Unique Factorization Integers Definition

Question

I'm currently reading on integers, specifically for unique factorization for my abstract algebra course and I'm already stuck.

The text reads:

Write d|m if d divides m. It is easy to prove, from the definition, that if d|x and d|y then d|(ax + by) for any integers x, y, a, b.

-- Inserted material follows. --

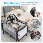 The Portable 4-in-1 Baby Nursery Center Travel Crib is a versatile solution designed to cater to the various needs of your growing baby. This multifunctional nursery center serves as an infant bed complete with a canopy and net, a cozy baby bassinet, a convenient changing table, and an interactive baby playard. The removable changing table alleviates the strain on your back and waist during diaper changes, making it a practical addition to any nursery or travel setup. With its thoughtful design, this nursery center ensures that you have everything you need at your fingertips, whether at home or on the go.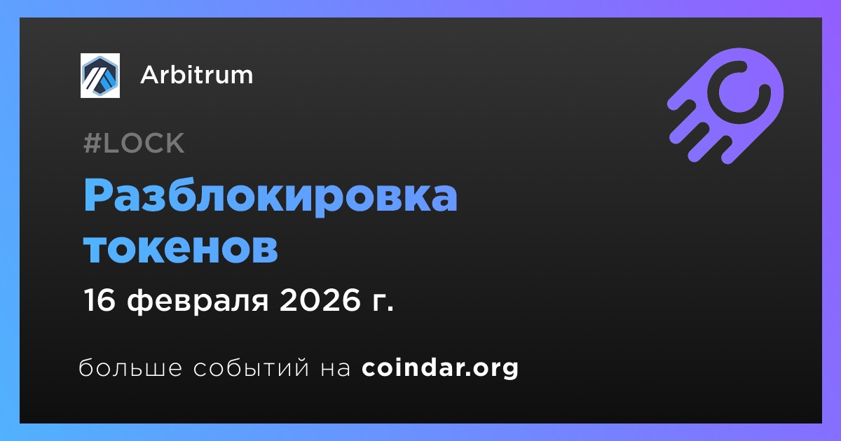 16 февраля Arbitrum разблокирует 92 650 000 токенов ARB, что составляет примерно 1,82% от общего объема токенов в обращении.

It's not immediately obvious to me why you wouldn't just write d|(x+y) or d|(ax+ay) instead of d|(ax+by). My initial thought was to show that d|(ax+by) won't be a fraction, but I can't think of an example that would make d|(x+y) be a fraction.

Thank you for helping!

Answer 1

Writing $d|(ax+by)$ is more general. It allows you to pick any $a,b$ you want and apply the theorem. If we just wrote $d|(x+y)$ we wouldn't know we could multiply each of the terms by any integer we want and still have the divisibility. You could prove a second theorem that $d|x \implies d|(ax)$ and then use the two together plus the commutativity of addition to get what you want, but it is more work. It is better to make the theorem more general and save the work later.

Answer 2

They will soon invent in the text book the notion of an "ideal", in our case $(d)$ (in standard notation), the set of all elements divisible by $d$, is such an ideal. An "ideal" $I$ of some commutative ring $R$ can be defined in the following two obviously equivalent ways:

• $I$ is an ideal of $R$, iff it is closed w.r.t. sum of its elements, and w.r.t multiplication with arbitrary elements of $R$. Using letters, for all $x,y\in I$, all $a$ in $R$ the elements $x+y$ and $ax$ are in $I$.

• $I$ is an ideal of $R$, iff for all $x,y\in I$, all $a,b$ in $R$ the element $ax+by$ is in $I$.

It is just matter of taste which of the relations should be extracted and considered as definition. Usually, when we show that some $I$ is an ideal, we use the first definition, which wants "less". When we use the property of being an ideal, we use often the second definition, thus possibly having the economy of only one sentence.